Make a scatterplot of cty vs hwy.

"Excellent work!"

"Scatterplots are also called points plots and bubble plots. They use the point geom."

Exercise 3

What happens if you make a scatterplot of class vs drv. Try it. Why is the plot not useful?

"Nice job! `class` and `drv` are both categorical variables. As a result, points can only appear at certain values, where many points overlap each other. You have no idea how many points fall on top of each other at each location. Experiment with geom_count() to find a better solution."

Aesthetic mappings

"The greatest value of a picture is when it forces us to notice what we never expected to see." --- John Tukey

A closer look

In the plot below, one group of points (highlighted in red) seems to fall outside of the linear trend between engine size and gas mileage. These cars have a higher mileage than you might expect. How can you explain these cars?

ggplot(data = mpg, mapping = aes(x = displ, y = hwy)) +
  geom_point() + 
  geom_point(data = dplyr::filter(mpg, displ > 5, hwy > 20), colour = "red", size = 2.2)

A hypothesis

Let's hypothesize that the cars are hybrids. One way to test this hypothesis is to look at the class value for each car. The class variable of the mpg dataset classifies cars into groups such as compact, midsize, and SUV. If the outlying points are hybrids, they should be classified as compact cars or, perhaps, subcompact cars (keep in mind that this data was collected before hybrid trucks and SUVs became popular). To check this, we need to add the class variable to the plot.

Aesthetics

You can add a third variable, like class, to a two dimensional scatterplot by mapping it to a new aesthetic. An aesthetic is a visual property of the objects in your plot. Aesthetics include things like the size, the shape, or the color of your points.
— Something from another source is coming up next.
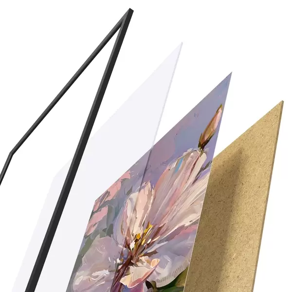 El póster consta de marco, plexiglás, imagen impresa y soporte de aglomerado. El póster puede colgarse inmediatamente en la pared gracias a los soportes de la parte posterior.

You can display a point (like the one below) in different ways by changing the values of its aesthetic properties. Since we already use the word "value" to describe data, let's use the word "level" to describe aesthetic properties. Here we change the levels of a point's size, shape, and color to make the point small, triangular, or blue:

ggplot() +
  geom_point(aes(1, 1), size = 20) +
  geom_point(aes(2, 1), size = 10) + 
  geom_point(aes(3, 1), size = 20, shape = 17) + 
  geom_point(aes(4, 1), size = 20, colour = "blue") + 
  scale_x_continuous(NULL, limits = c(0.5, 4.5), labels = NULL) + 
  scale_y_continuous(NULL, limits = c(0.9, 1.1), labels = NULL) + 
  theme(aspect.ratio = 1/3)

A strategy

We can add the class variable to the plot by mapping the levels of an aesthetic (like color) to the values of class. For example, we can color a point green if it belongs to the compact class, blue if it belongs to the midsize class, and so on.
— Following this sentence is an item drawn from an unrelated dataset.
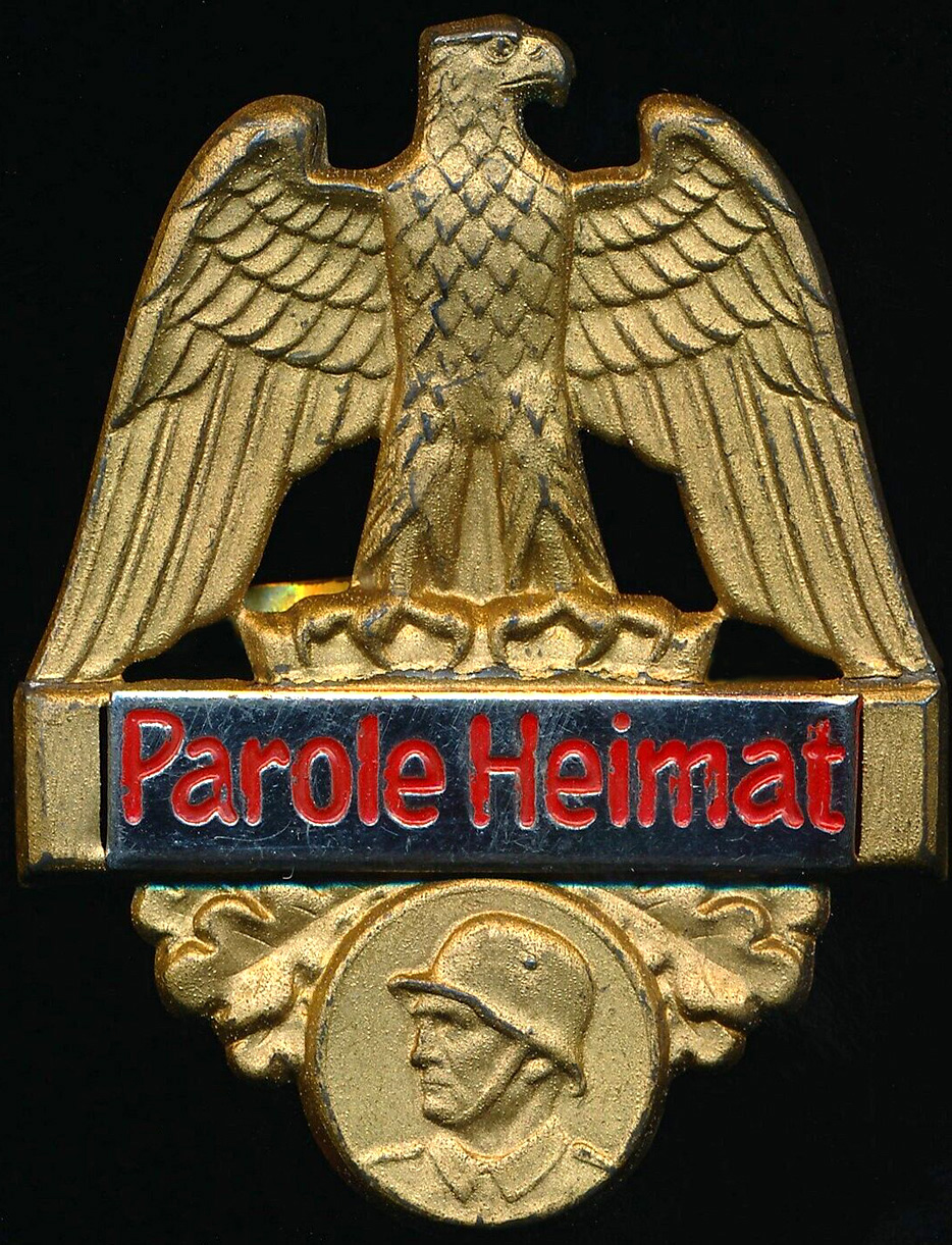 [Below: This pin says: 'Parole Heimat' (Homeland Motto).]

Let's give this a try. Fill in the blank piece of code below with color = class. What happens? Delete the commenting symbols (#) before running your code. (If you prefer British English, you can use colour instead of color.)

# ggplot(data = mpg) + 
#   geom_point(mapping = aes(x = displ, y = hwy, ____________))

**Hint:** Be sure to remove all of the underlines and hashtags from the code.

ggplot(data = mpg) + 
  geom_point(mapping = aes(x = displ, y = hwy, color = class))

"Great Job! You can now tell which class of car each point represents by examining the color of the point."

And the answer is...

The colors reveal that many of the unusual points in mpg are two-seater cars. These cars don't seem like hybrids, and are, in fact, sports cars! Sports cars have large engines like SUVs and pickup trucks, but small bodies like midsize and compact cars, which improves their gas mileage. In hindsight, these cars were unlikely to be hybrids since they have large engines.

This isn't the only insight we've gleaned; you've also learned how to add new aesthetics to your graph. Let's review the process.

Aesthetic mappings

To map an aesthetic to a variable, set the name of the aesthetic equal to the name of the variable, and do this inside mapping = aes(). ggplot2 will automatically assign a unique level of the aesthetic (here a unique color) to each unique value of the variable. ggplot2 will also add a legend that explains which levels correspond to which values.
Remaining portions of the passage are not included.